Galaxy isn't exactly a throwback, but it barely acknowledges that the last two (and sometimes three or four) decades ever happened. Side one's "Be in My Movie" sounds a little like early Guided by Voices, and "Cowcatcher" has a Pavement-like bounce to it. Lamkins' song "Sold" has been performed, in some version or another, by virtually every band he's been in and first appeared on the Paper Plates' first and only CD. Otherwise, this diverse collection of songs is a completely different trip through time and space, with unexpected hat-tips to epic rock acts like Queen."You can compare us to Sweet," Lamkins says.

It's a joke, but if "Teenage Rampage" hadn't already been written, it's not hard to imagine Dragoon writing it.

Lamkins was reticent to switch over to an all-digital recording process, but his trusty four-track died and the leap was made. "It hasn't really been that big of a deal," he says. "In fact, I love it, and as a result, the new record just sounds so much better."

"Another thing: This record was really mastered," says Matthews, name-checking former Island Records A&R man Jesse Obstbaum, who released Galaxy on his indie label LA's Fine.

"Fortunately for us, Jesse is still in the business and knows some serious pros out in Cali," says Lamkins, who first met Obstbaum in the '90s when Island was flirting with the Grifters. "We're elated with the way the new record sounds."
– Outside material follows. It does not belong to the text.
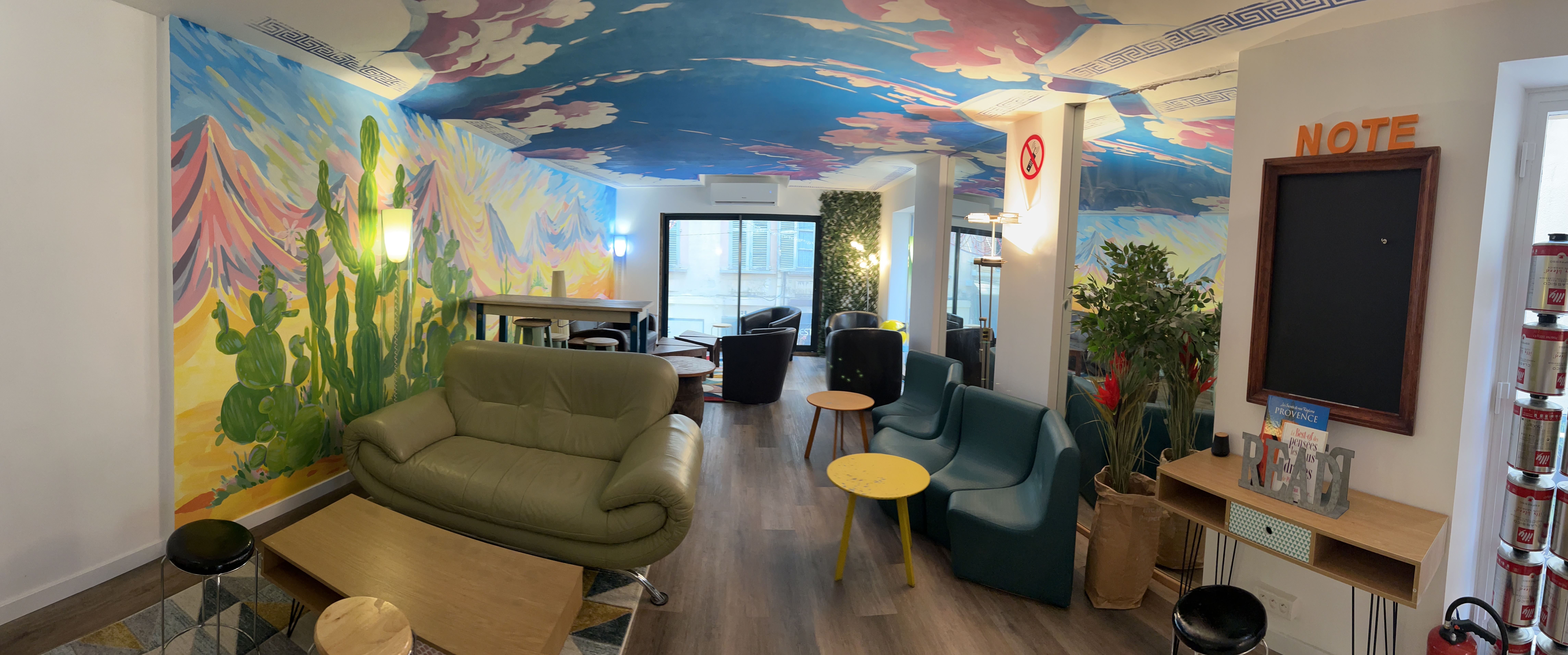 Ob Freiberufler, Telearbeiter, Studenten oder einfach nur Menschen, die einen Moment der Entspannung oder einen ruhigen Ort suchen, um ihre Projekte voranzutreiben - dieser Raum wurde so konzipiert, dass er Ihre Konzentration fördert und gleichzeitig den Austausch untereinander unterstützt. Diese warme und freundliche Umgebung verfügt im Obergeschoss auch über einen Coworking-Bereich, der bis zu 20 Personen aufnehmen kann.

This Galaxy Is but a Nursery was originally intended as a seven-song digital release but grew into a full LP.

"Jesse came back to us and said the EP was great, but the way the vinyl market works now you need bonus songs," Matthews says. In the scramble for material to fill side two, Dragoon ended up including a handful of cheerier-than-usual songs Matthews originally recorded for his personal Bandcamp page.

"I was initially dead set against using those songs," Matthews says of his personal material. "'Vicinity' is very much a romantic love song. But then Tripp would put them together and play them on the CD, and I could hear it."

"'Vicinity' is the greatest love song I've ever had the pleasure of being associated with," Lamkins says.